### WHAT THE TASK REQUIRES
Lines from the beginning of the material below through the line that has "This spacious and" are to be reproduced exactly, but pictures are not.

### RECORDS FOR PROCESSING
-- Opening Marker --
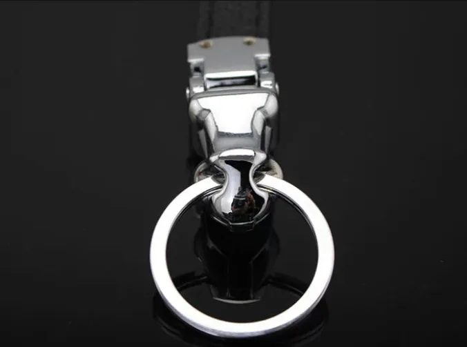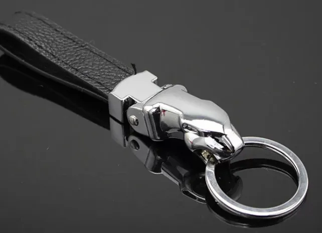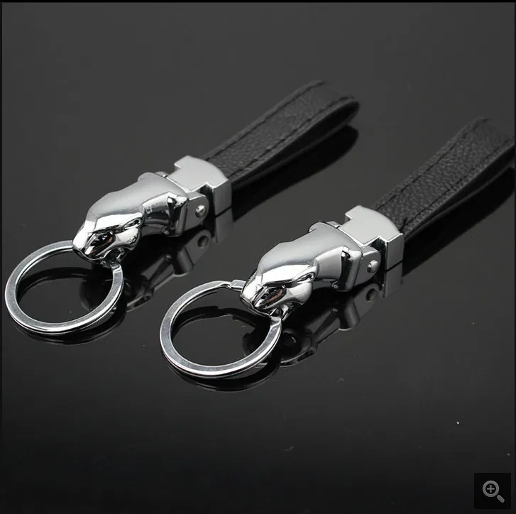 Car-styling Luxury Leopard Head Genuine Leather Key Chain Key Rings Holder Metal KeyRing
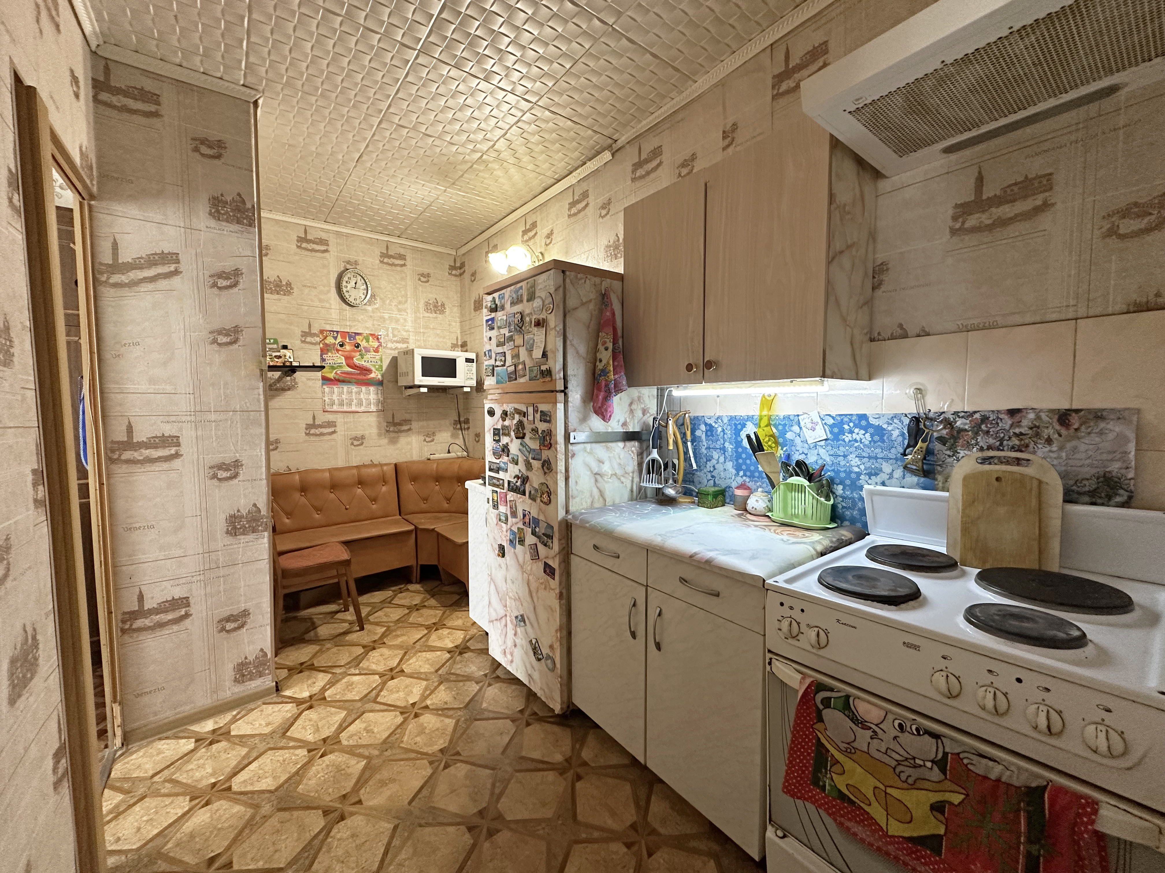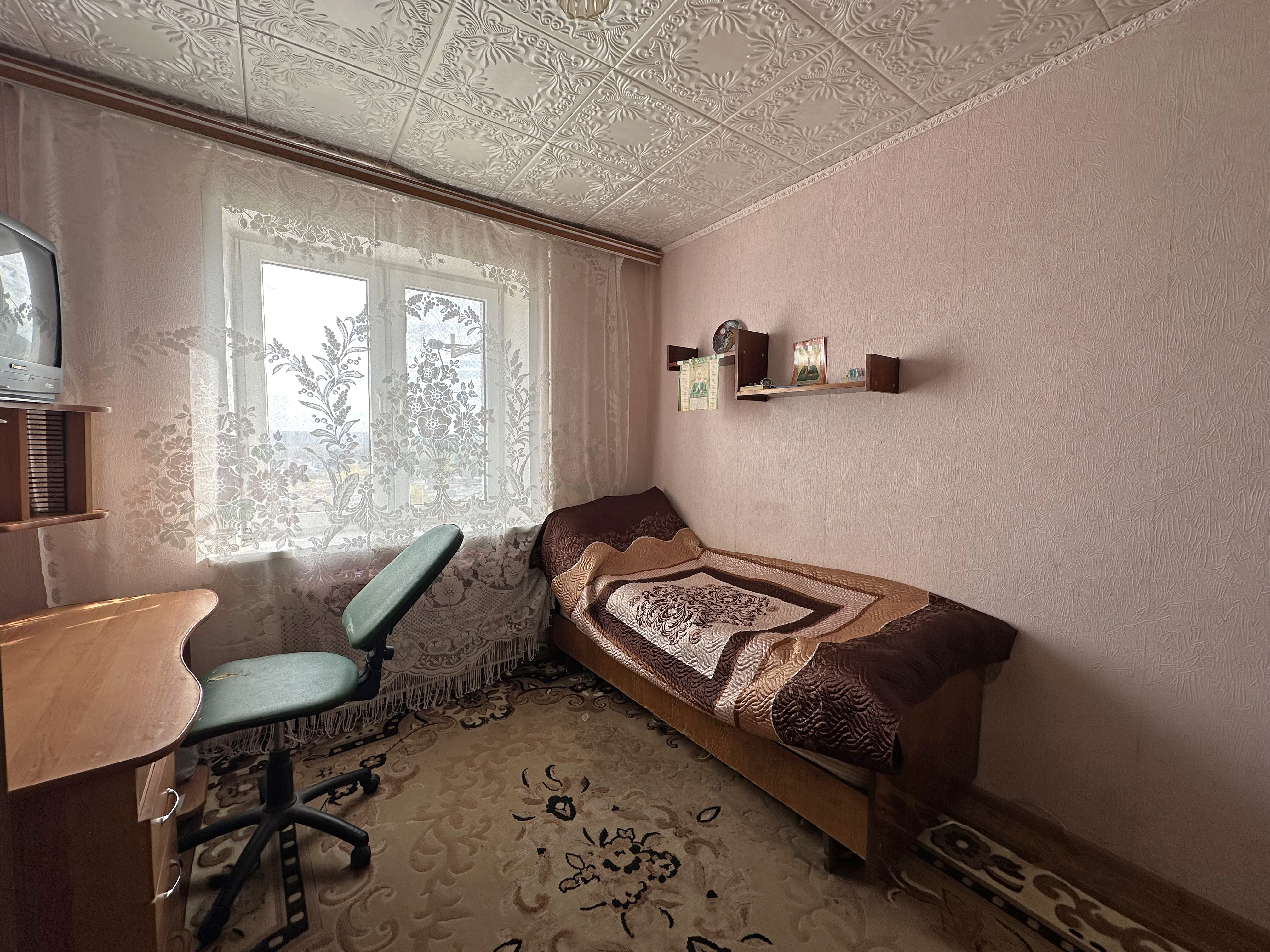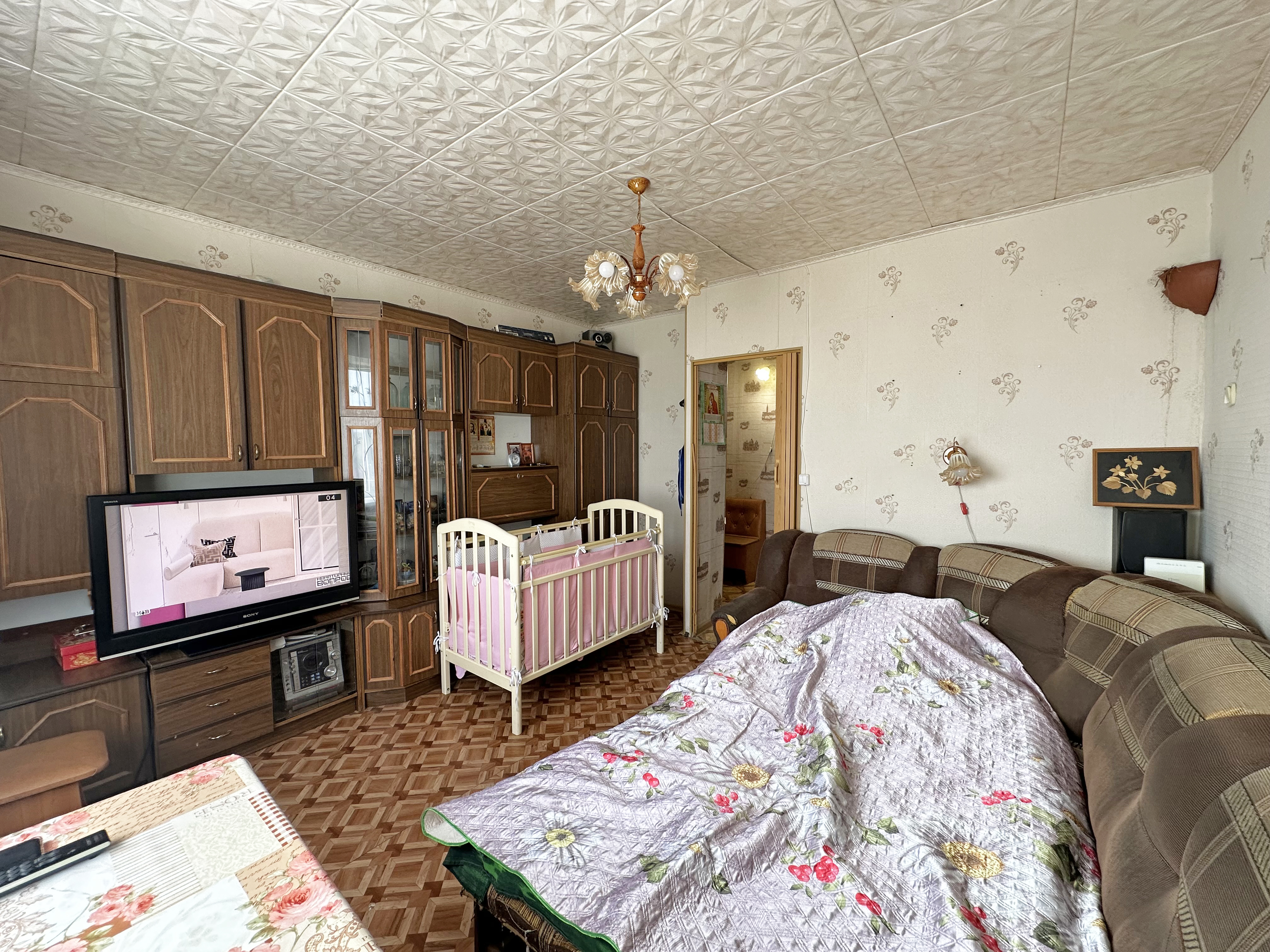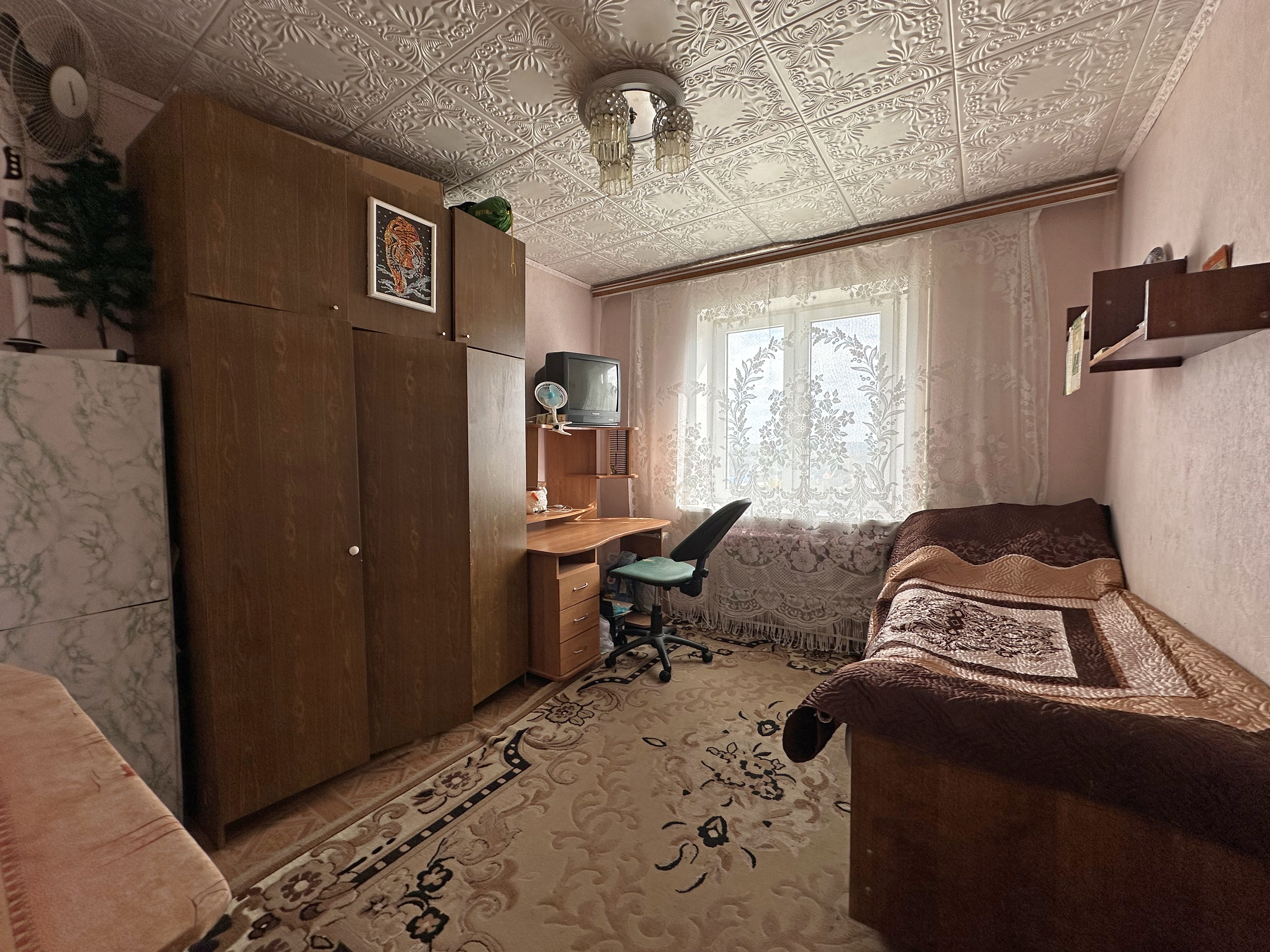 При продаже остаётся: кухонный гарнитур, вытяжка, мягкий уголок, холодильник, стенка, диван, стол, карнизы и тюль, шкаф, компьютерный стол, кровать, телевизор.
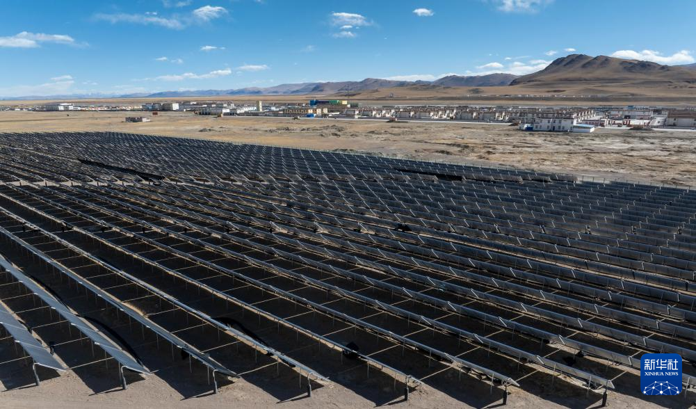 鳥瞰措勤縣城區(qū)清潔能源集中供暖特許經(jīng)營(yíng)項(xiàng)目的光伏陣列(無(wú)人機(jī)照片,11月20日攝)。新華社記者 姜帆 攝
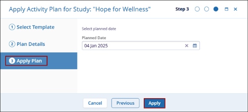- On the Apply Plan screen in Step 3, select the planned date and click on the
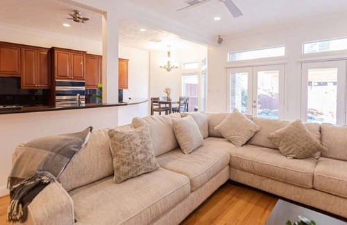 This spacious and stylish house in uptown Houston will be your home away from home. This house features a fully equipped kitchen, as well as a spacious living room perfect for entertaining or relaxation. Keep on top of work in the dedicated office or enjoy quality time in the second-floor lounge. At the end of the day, relax in the n in-ground pool and waterfall. Luxurious bedrooms including a master suite with walk-in closet. House is equipped with elevator.
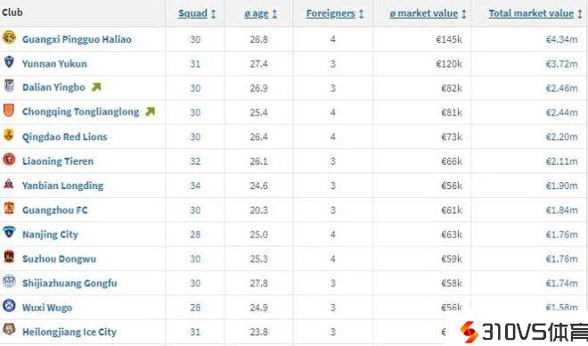 此外,对比中超联赛新赛季各球队的外援总身价排名,上海海港以1230万欧元高居榜首,而浙江队和北京国安区分以750万欧元和720万欧元位列第二和第三。这一数据展现了中超顶级球队在球员身价上的投入,同时也反映出广西平果哈嘹和云南玉昆逾越局部中超球队的身价有其清楚的意义。
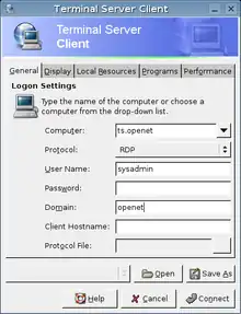 Features include: a GNOME panel applet to quickly launch saved profiles, sound support, similar look and functionality to the Microsoft client and compatibility with its file format, interface translated into more than 20 languages, and support for rdesktop 1.3, Xnest and VNC clients (*vncviewer).
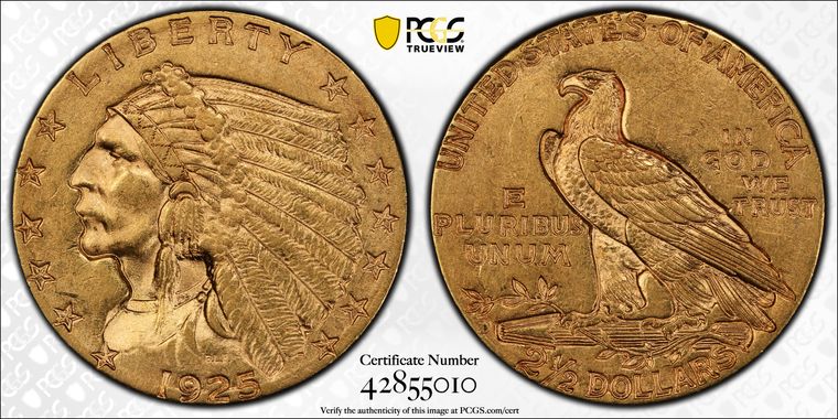 View all auction prices realized for 1925-D $2.50 coins
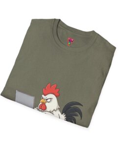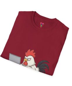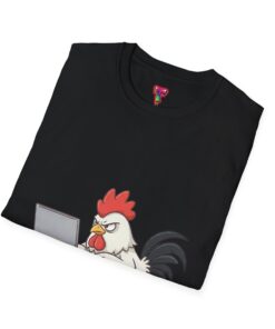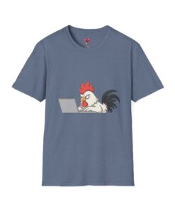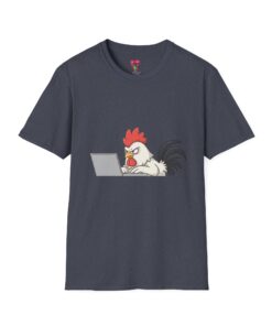 A lightweight, smooth cotton tee with a playful chicken-at-the-laptop illustration that brings a wink of humor to everyday wear. The classic crew neck and clean, tubular knit give a neat silhouette that layers easily under jackets or stands alone with jeans. Soft ring-spun cotton keeps the shirt breathable and comfortable through long work-from-home days or casual weekends on the porch. The small, centered graphic reads as witty and understated—great for people who appreciate subtle animal humor and clever, low-key designs. Built with reinforced shoulder tape and a ribbed collar that holds its shape after washing. Safety- and eco-conscious finishing: Oeko-Tex certification and ethical sourcing details included.
-- Closing Marker --
### ANSWER BOX
 Car-styling Luxury Leopard Head Genuine Leather Key Chain Key Rings Holder Metal KeyRing
 При продаже остаётся: кухонный гарнитур, вытяжка, мягкий уголок, холодильник, стенка, диван, стол, карнизы и тюль, шкаф, компьютерный стол, кровать, телевизор.
 鳥瞰措勤縣城區(qū)清潔能源集中供暖特許經(jīng)營(yíng)項(xiàng)目的光伏陣列(無(wú)人機(jī)照片,11月20日攝)。新華社記者 姜帆 攝
- On the Apply Plan screen in Step 3, select the planned date and click on the
 This spacious and stylish house in uptown Houston will be your home away from home. This house features a fully equipped kitchen, as well as a spacious living room perfect for entertaining or relaxation. Keep on top of work in the dedicated office or enjoy quality time in the second-floor lounge. At the end of the day, relax in the n in-ground pool and waterfall. Luxurious bedrooms including a master suite with walk-in closet. House is equipped with elevator.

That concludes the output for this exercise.